Grenzerfahrung
Verena Diethelm raste auf einem Extreme 40 über den Parcours vor Istanbul und sprach mit Roman Hagara über eine spannende nächste Saison
„Come up! Come up!“ Die Worte wabern durch eine Nebelwand, dringen nicht zu mir durch. Sinnerfassendes Hören derzeit leider nicht möglich. Mein Gehirn ist vollkommen damit ausgelastet außergewöhnliche Informationen zu verarbeiten. Waschelnass klammere ich mich wie eine Spinne an ein engmaschiges Nylon-Netz, unter dem das Wasser durchrauscht. Oder ist es das Blut in meinem Kopf, das dieses Rauschen verursacht? Der Wind im Helm?
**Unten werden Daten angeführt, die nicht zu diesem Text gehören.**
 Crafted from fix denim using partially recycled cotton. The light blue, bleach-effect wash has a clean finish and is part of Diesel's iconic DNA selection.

Mein Raum-Zeit-Kontinuum ist gehörig durcheinander gewirbelt. Längst weiß ich nicht mehr, wie lange wir schon über die Rennbahn heizen. Es könnten Stunden genauso gut wie Sekunden sein.
Spätestens seit wir uns der Luvtonne nähern, habe ich einen Tunnelblick. In meinem extrem eingeschränkten Gesichtsfeld rasen riesige Katamarane mit einem Rumpf in lichter Höhe aufeinander zu. Eine Boje sehe ich auch – wir steuern genau auf sie zu. Schreie, irgendwo wird eine Protestfahne gehisst, dann wieder geschrien.
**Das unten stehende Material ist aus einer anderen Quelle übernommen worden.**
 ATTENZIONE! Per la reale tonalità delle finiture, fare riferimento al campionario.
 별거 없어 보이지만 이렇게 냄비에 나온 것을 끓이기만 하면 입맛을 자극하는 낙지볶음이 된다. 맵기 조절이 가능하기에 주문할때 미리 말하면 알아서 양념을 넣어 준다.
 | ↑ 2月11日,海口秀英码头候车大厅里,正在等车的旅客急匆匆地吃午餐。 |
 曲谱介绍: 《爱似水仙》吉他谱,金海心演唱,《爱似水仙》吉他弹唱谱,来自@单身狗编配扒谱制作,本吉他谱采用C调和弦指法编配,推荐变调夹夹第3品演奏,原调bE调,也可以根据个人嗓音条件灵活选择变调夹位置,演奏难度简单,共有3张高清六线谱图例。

Apropos. „Hey! Come up!“ Endlich schaffen es die Worte durch meinen Reizüberflutungsfilter. Ich ziehe ob meines Aussetzers schuldbewusst meinen Kopf zwischen die Schultern, stolpere fünf Meter das Netz hinauf und lasse mich auf den rot markierten Punkt im Trampolin fallen – nur um sofort wieder auf die andere Seite gescheucht zu werden. Guest Sailor auf einem Extreme40 zu sein ist wahrlich kein Kindergeburtstag.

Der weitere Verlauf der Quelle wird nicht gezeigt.